刘真明白几位老爷子的良苦用心,他们将这些展露出来,只想告诉他,朝堂若危,弃之即可,不必拿自己性命博弈。
想要成就一番大事,不一定要在朝堂之上,地方依旧可以。
多少帝王,不是从微末中崛起,推翻前朝统治,再创辉煌。
他刘真自恃天下英雄,难道还怕这些?
“各位岳父,你们的教导,小子铭记于心,定不辱命!”
“你明白就好,我们这些老家伙,只希望你能平安回来,到时候,给我们多添几个孙子,那就更好了!”
“一定,下次回来,不负所托!”
“行了,话已至此,各自赶路吧!”
刘真后退三步,当即跪下三叩首。
几位岳父甚是欣慰,跟随大部队离去。
……
五天后。
刘真四人,距离洛阳,只有几里路。
他们找到一处郊外茶楼,讨要茶水,以解其渴。
“客官,你们要的烧饼、茶水,请慢用!”
“小儿,你们这里,距离洛阳还有多远?”
“四五里地,几位外来者吧?连这些都不知道?”
“没错,我们远道而来,第一次来洛阳。”
“难怪没听过你们的语气,原来是外地人。”
店小二唠嗑几句后,又开始忙碌起来。
“大哥,我们一路走走停停,已经有些时日了,再不进城,恐生事端。”
“孝直,你难道没发现,这一路走来,很奇怪吗?”
“奇怪?你是说,良田?”
“不错,我们一路走来,几乎看不到农户耕种,上好的良田,竟荒废至此,要知道,这可是天子脚下啊!连这里都是这副模样,其他地方,又会是怎样的情景呢?”

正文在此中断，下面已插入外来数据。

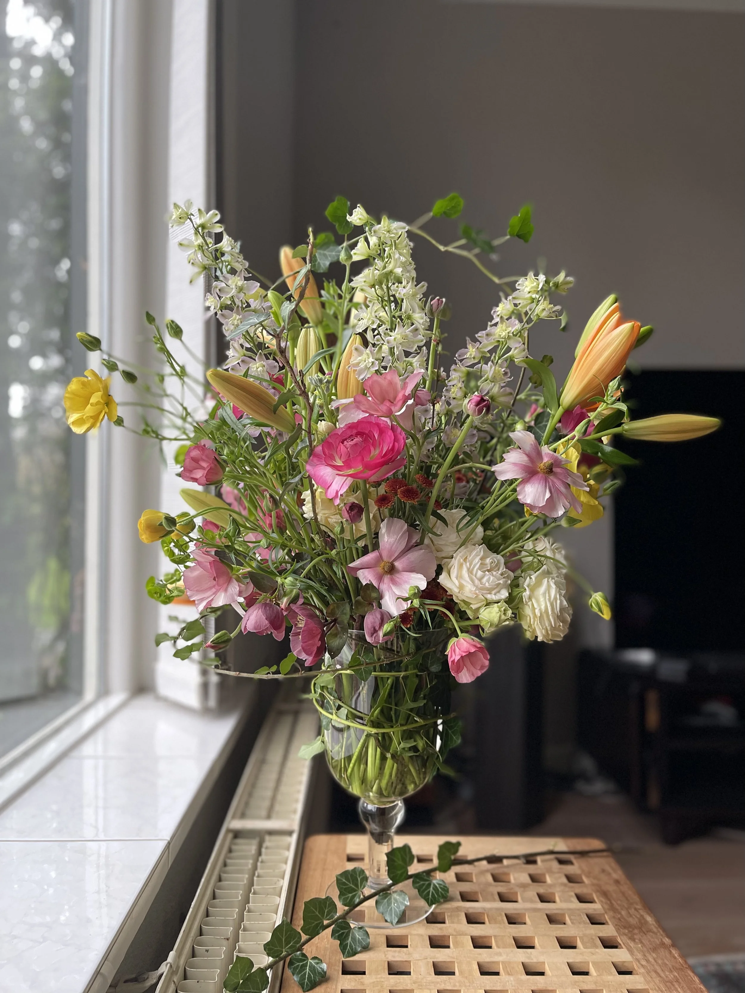 광고 마케팅을 90년대 중반부터 해온 저는 코로나 무렵 네덜란드를 본사에 둔 대기업에 다니는 마케팅 팀장이었습니다. 코로나 기간 중의 재택근무 정책으로 2년 이상을 회사에 거의 하루도 안 가고 안방에서 근무를 하던 그때 그렇게 남는 시간을 정원에 쏟아부었습니다. 미루던 정원 관리를 할 여유가 갑자기 생겨 낮이 긴 봄-여름을 이용해 열심히 정원에서 꽃을 길렀죠. 식물에 대해 배우느라 책도 사고 온라인 강의도 듣던 때였어요. 그렇게 꽃이 피기 시작하자, 그게 꽃꽂이 열병이 되더니 플로리스트가 되어야겠다는 결심으로 이어졌습니다. 좀 특이하게, 정원에서 기르는 꽃을 쓰는 방식으로 시작을 해서인지 그 후에도 저는 꽃을 구하기 위해서 주변의 꽃농장, 컷팅가든을 주로 이용하게 되더라고요. 물론 사서 쓰는 경우도 많지요, 특히 겨울에는요.
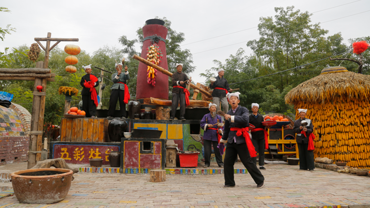 10月13日下午,赤牛坬村迎接了一波来自外地的游客,村民们表演了《高高山上一头牛》《打平伙》等一些列陕北民俗节目。不少游客在观看节目后,还参与了互动共同扭起陕北大秧歌。
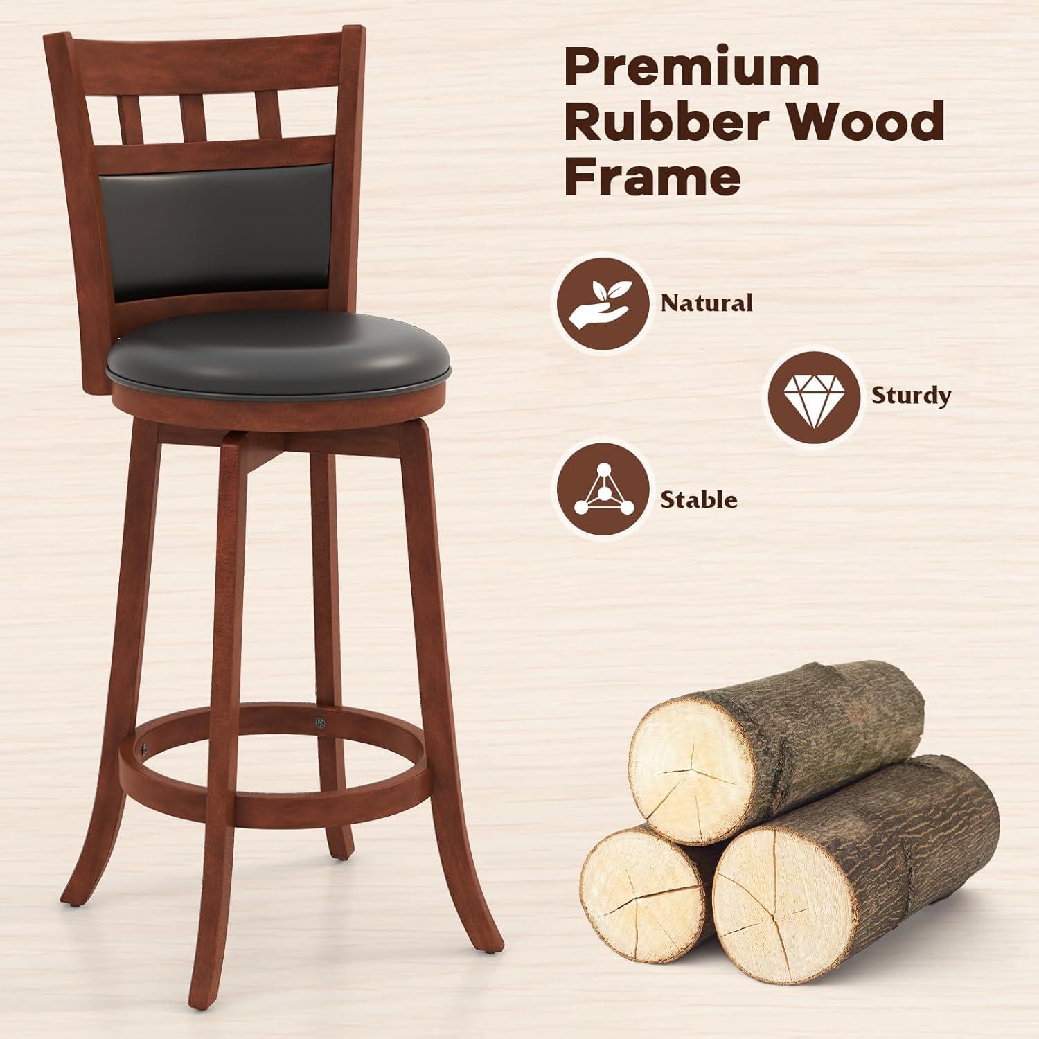 Giantex Wood Bar Stools Set of 2, 31″ Swivel Bar Height Barstools w/Back, Rubber Wood Frame, Padded Seat, Footrest, PVC Leather, Wooden Counter Bar Chairs for Kitchen Island, Restaurant, Espresso(2)

“前几日全柔来信,有提过一路情况,貌似都没有这里严重,究竟发生了什么?让洛阳城郊变成这副模样?”
“先生、大哥,我有一个猜测,不知当讲不当讲?”
“公义有话直说,我们之间,无需这些世俗礼法!”
“大哥、军师,我是这样想的,这里的良田荒废,有两种可能:其一为皇帝所为,将土地低价收入,高价租出,百姓无钱租借首都周边土地,纷纷搬迁至他州,以求自保之道。”
“有道理,张将军分析透彻,有理有据,不愧是大将之才。”
“先生妙赞,且听其二,我认为第二条的可能性也不小。黄巾起义,最先受灾的,就是主要城市,而这些乱兵,多数来源于农民,灵帝担心还有漏网之鱼,将下令抓捕所有可疑之人,城郊百姓,就成了刀下亡魂。黄巾之乱减弱后,无家可归的百姓,流落至此,开始重建家园,才有如此景象。”

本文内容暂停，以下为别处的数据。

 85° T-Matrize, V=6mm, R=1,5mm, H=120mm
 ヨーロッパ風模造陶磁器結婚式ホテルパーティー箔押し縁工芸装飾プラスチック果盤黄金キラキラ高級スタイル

“有道理,这种可能也不是没有,至少,现在看来,第二条的概率,明显要高很多。刘宏纵欲过度,时日无多,他想给自己的两个儿子,留一个相对安全的环境。”
“为人父母,此举理所当然,但他身为当朝天子,残害百姓至此,就是昏君一个!”
“几位客官小点声,官府巡逻之人来了,切勿让他们听见才好。”
“小哥放心,我等自有分寸。”
大道上,六名身穿官袍的朝廷命员,策马来到茶馆。
“店小二,上茶!”
“来了!几位军爷慢用!”
“行,茶水还可以,再来两斤上好的牛肉。”
“军爷,小店只卖茶水、烧饼,没有熟食!”
“我不管,你用什么办法,一盏茶的时间,本官必须见到肉,否则,你这“黑店”,就把门关了吧!”
“军爷,你就别为难小子了!真的找不来熟食。”
官员咄咄逼人,一旁的甘宁彻底看不下去了!
“呔!你们几个狗官,别欺人太甚!”
“大胆!你是哪来的刁民?胆敢辱骂朝廷命官,不想活了?”
“命官?信不信我给你打成屎官!”
“好胆,你既然执意找死,休怪我不客气!兄弟们,给我上!”
大战一触即发,刘真并未阻止,对付几个臭鱼烂虾,甘宁一人足矣,张任在旁,为老板减少部分损失。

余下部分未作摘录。